**Task prompt:** An exact copy of the lines of the listing below between the "Les ensembles de" line and the "Originální autorská hedvábná" line, both included, is the whole answer; please omit the pictures.

**Available records:**
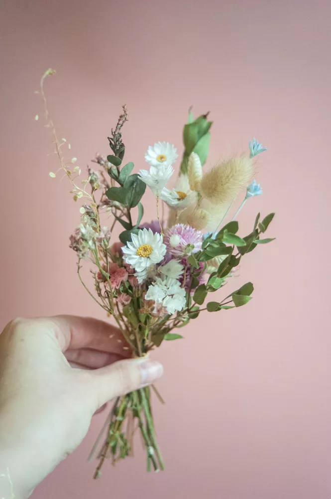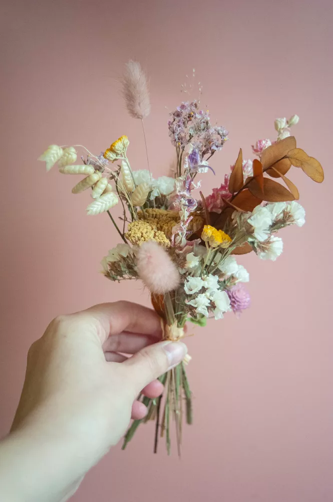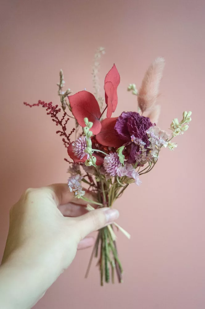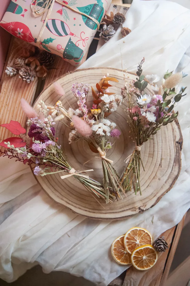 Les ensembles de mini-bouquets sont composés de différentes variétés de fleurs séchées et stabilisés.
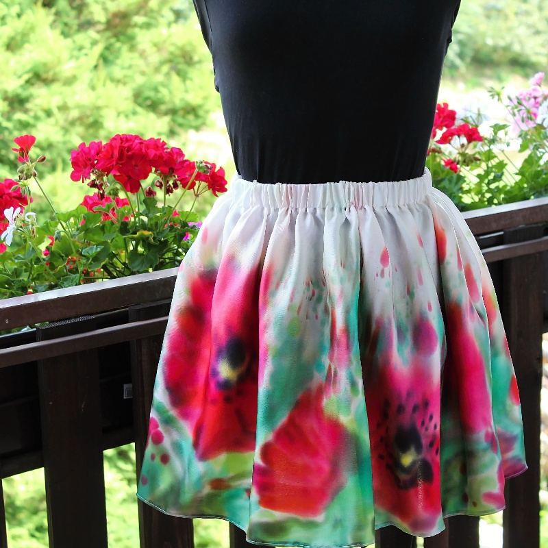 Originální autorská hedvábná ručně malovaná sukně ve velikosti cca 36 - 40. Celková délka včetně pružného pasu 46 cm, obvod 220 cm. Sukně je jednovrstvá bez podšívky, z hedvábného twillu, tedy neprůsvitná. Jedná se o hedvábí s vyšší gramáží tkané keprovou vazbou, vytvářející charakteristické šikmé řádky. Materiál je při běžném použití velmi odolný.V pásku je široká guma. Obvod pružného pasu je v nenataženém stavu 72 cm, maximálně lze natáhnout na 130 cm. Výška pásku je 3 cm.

--

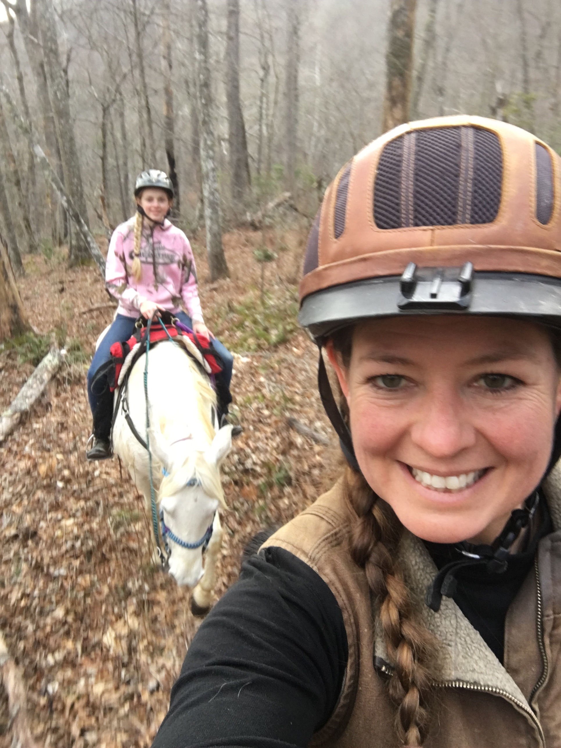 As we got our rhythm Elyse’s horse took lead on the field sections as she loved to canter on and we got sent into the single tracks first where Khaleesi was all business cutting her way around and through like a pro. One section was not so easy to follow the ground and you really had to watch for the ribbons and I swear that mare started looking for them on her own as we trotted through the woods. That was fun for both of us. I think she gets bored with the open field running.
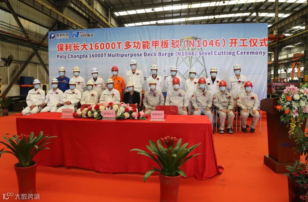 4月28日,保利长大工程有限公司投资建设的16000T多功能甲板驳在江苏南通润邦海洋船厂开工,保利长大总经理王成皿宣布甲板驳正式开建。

--

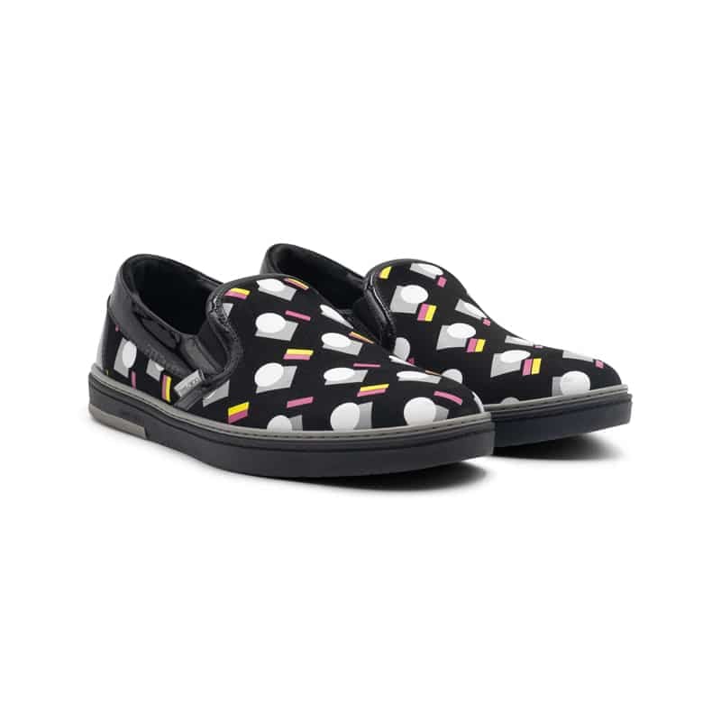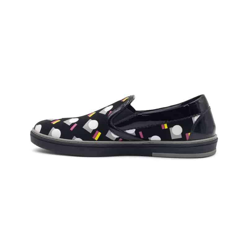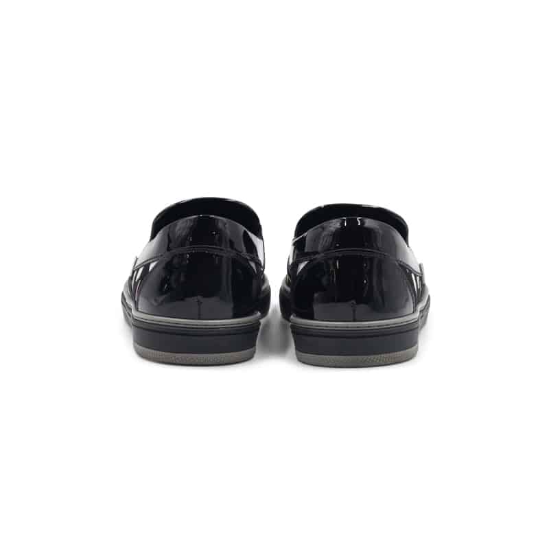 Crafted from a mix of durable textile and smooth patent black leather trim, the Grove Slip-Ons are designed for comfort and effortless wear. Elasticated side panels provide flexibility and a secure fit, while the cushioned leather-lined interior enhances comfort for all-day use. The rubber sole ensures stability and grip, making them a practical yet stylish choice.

**Solution to this task:**
 Les ensembles de mini-bouquets sont composés de différentes variétés de fleurs séchées et stabilisés.
 Originální autorská hedvábná ručně malovaná sukně ve velikosti cca 36 - 40. Celková délka včetně pružného pasu 46 cm, obvod 220 cm. Sukně je jednovrstvá bez podšívky, z hedvábného twillu, tedy neprůsvitná. Jedná se o hedvábí s vyšší gramáží tkané keprovou vazbou, vytvářející charakteristické šikmé řádky. Materiál je při běžném použití velmi odolný.V pásku je široká guma. Obvod pružného pasu je v nenataženém stavu 72 cm, maximálně lze natáhnout na 130 cm. Výška pásku je 3 cm.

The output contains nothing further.